By Charles F. Ritter; Jon L. Wakelyn | Go to book overview

THADDEUS STEVENS
(April 4, 1792–August 11, 1868)

Charles F. Ritter

Thaddeus Stevens, one of the Civil War’s most effective congressmen, was a local Pennsylvania political operator who lived and died by his wits in the maelstrom of Middle Period politics. Starting in 1833, Stevens was in and out of the state legislature and served two terms in the U.S. House of Representatives. But after 1853 he practiced law in Lancaster and, through skill and cunning, barely kept his political fortunes alive. In 1858 public sentiment finally caught up with this ambitious antislavery advocate and sent the sixty-six-yearold Stevens back to Washington after an eight-year hiatus to begin a rapid tenyear ascent during which the Great Commoner became known as the dictator of the House and launched his reputation as a bona fide American idealogue. While dictator may be a misplaced sobriquet, he was a moving force behind the radical program for Reconstruction and a prime mover in the attempt to impeach a president.
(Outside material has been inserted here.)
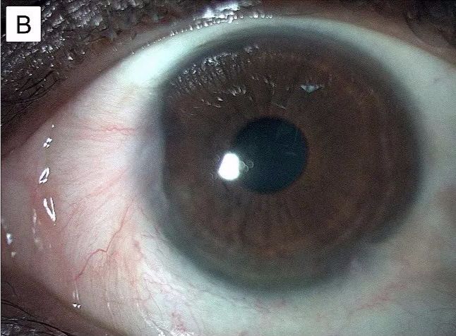 患者其后接受浅层角膜切除,移除了病变。角膜基质床用湿润羊膜移植物覆盖,图B显示了术后3周的恢复情况。

Born in Danville, Caledonia County, Vermont, on April 4, 1792, the second of four sons of Joshua and Sally (Morrill) Stevens, Thaddeus had a clubfoot, which some say accounted for his dour outlook and cynical attitude. In addition to this physical embarrassment, the young Stevens family, always lingering on the margins of poverty, suffered the loss of Joshua, a failed shoemaker and a drunk, who ran off and apparently died in the War of 1812. Sally Stevens moved her young brood to Peacham, Vermont, where Thaddeus attended the Caledonia County Academy and then went to Dartmouth, where he graduated in 1814. Eschewing the ministry, which his mother wished him to pursue, Stevens left New England and traveled to York, Pennsylvania, where he taught at the local academy and read law. Admitted to the bar, Stevens opened a small practice in Gettysburg in 1816, living and working there for the next twenty-six years. As his practice prospered, he purchased property in the town and surrounding Adams County and entered the iron business, building the Caledonia Iron Works near Chambersburg.